Finally we did it on normal, letting it replicate WAY MORE TIMES than we actually needed before saying “go!” Then we annihilated them.

As a note, we found we didn’t need to weaken the eyes beforehand, as there was enough unavoidable cleave going out in our party. Your mileage may vary, based on your raid team.

And that’s it! I now have the Grove Defiler pet, which is an evil moose that disappointingly does not fly:


Credit: Hilox on Wowhead

We were kinda prepared: KotN does Black Temple timewalking


Credit: Wowhead

This week in WoW was Burning Crusade Timewalking — that event where we all go back in time and do those dungeons we haven’t done in years, for updated loot and badges to buy cool stuff. And recently they introduced a new feature to BC timewalking: timewalking Black Temple!

For those of you who don’t remember May 2007, Black Temple was probably the most famous raid of WoW’s first expansion, The Burning Crusade. Much of the expansion revolved around Illidan Stormrage’s betrayal of the Alliance and Horde, siding with demons of the Burning Legion. This plot culminated with fighting him as the final boss in Black Temple.

… okay, okay, you could also say it culminated in Sunwell, which was the final raid of the xpac, but thematically? I’d say BT was much more where it was at.
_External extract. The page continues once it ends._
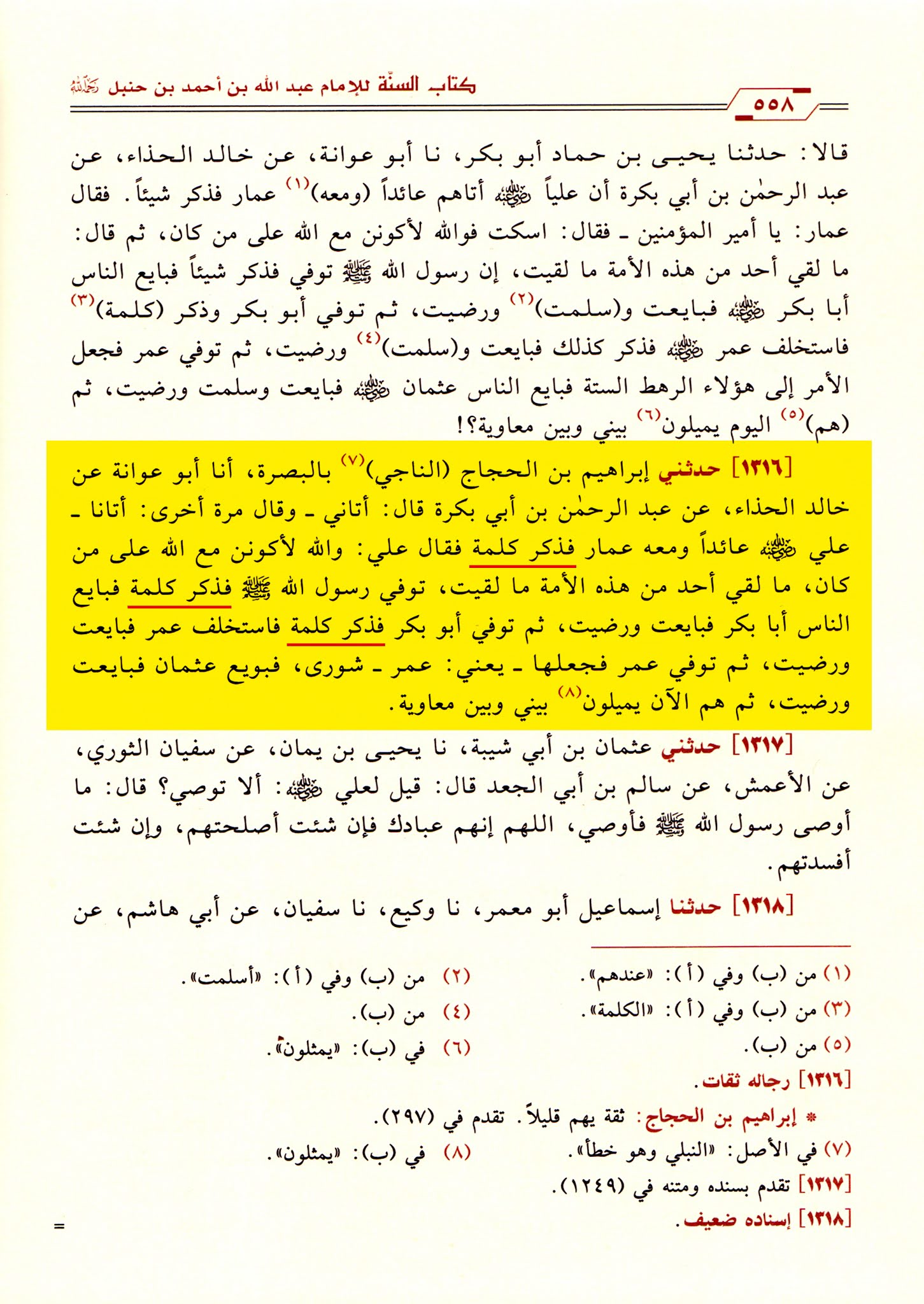 وقد نقل عبد الله بن أحمد بن حنبل هذه الرواية في كتابه (السنة، ج٢، ص٥٥٨، رقم الحديث ١٣١٦) إلا أنّه قد أُبهِمَ هذا المطلب بكلامٍ لا يُفهم منه شيءٌ، قال: (حدثني إبراهيم بن الحجاج الناجي بالبصرة، أنا أبو عوانة، عن خالد الحذاء، عن عبد الرحمن بن أبي بكرة، قال: أتاني - وقال مرة أخرى -: أتانا علي رضي الله عنه عائداً ومعه عمار فذكر كلمة، فقال علي: «والله لأكونن مع الله على من كان، ما لقي أحد من هذه الأمة ما لقيت، توفي رسول الله صلى الله عليه وسلم فذكر كلمة فبايع الناس أبا بكر فبايعت ورضيت، ثم توفي أبو بكر فذكر كلمة فاستخلف عمر فبايعت ورضيت، ثم توفي عمر فجعلها - يعني عمر - شورى فبويع عثمان فبايعت ورضيت، ثم هم الآن يميلون بيني وبين معاوية»).

Let’s not forget that the catchphrase for the entire expansion was Illidan’s “YOU ARE NOT PREPARED” line from his Black Temple RP.

(WoW’s most recent expansion, Legion, has attempted to redeem Illidan and make him a hero again. Apparently he was in deep cover, and honestly, he did it all for the Greater Good ™, guys? Many fans remain unconvinced; regardless, this is why we have a demon hunter class now, and it’s also why Illidan’s hanging around on the Broken Shore helping the PCs and having unbelievable UST with Maiev).

For a little personal history, in 2007 I had come back to WoW for the second time, transferred from Proudmoore to Thrall, and did some suuuuuuuuper casual raiding — we cleared Karazhan, but that was about all. (Keep in mind, this was in the days before flex raids, when you needed exactly X number of people, where X was usually 20 or 40). Then there was guild drama and I quit again for a while.

The long and short was, I never saw BT while it was current content. Actually, I never saw it at all until a couple of weeks ago, when I decided I needed some Malefic (warlock tier 6) pieces to go with my Diabolic (warlock T20) pieces, since they are similar models.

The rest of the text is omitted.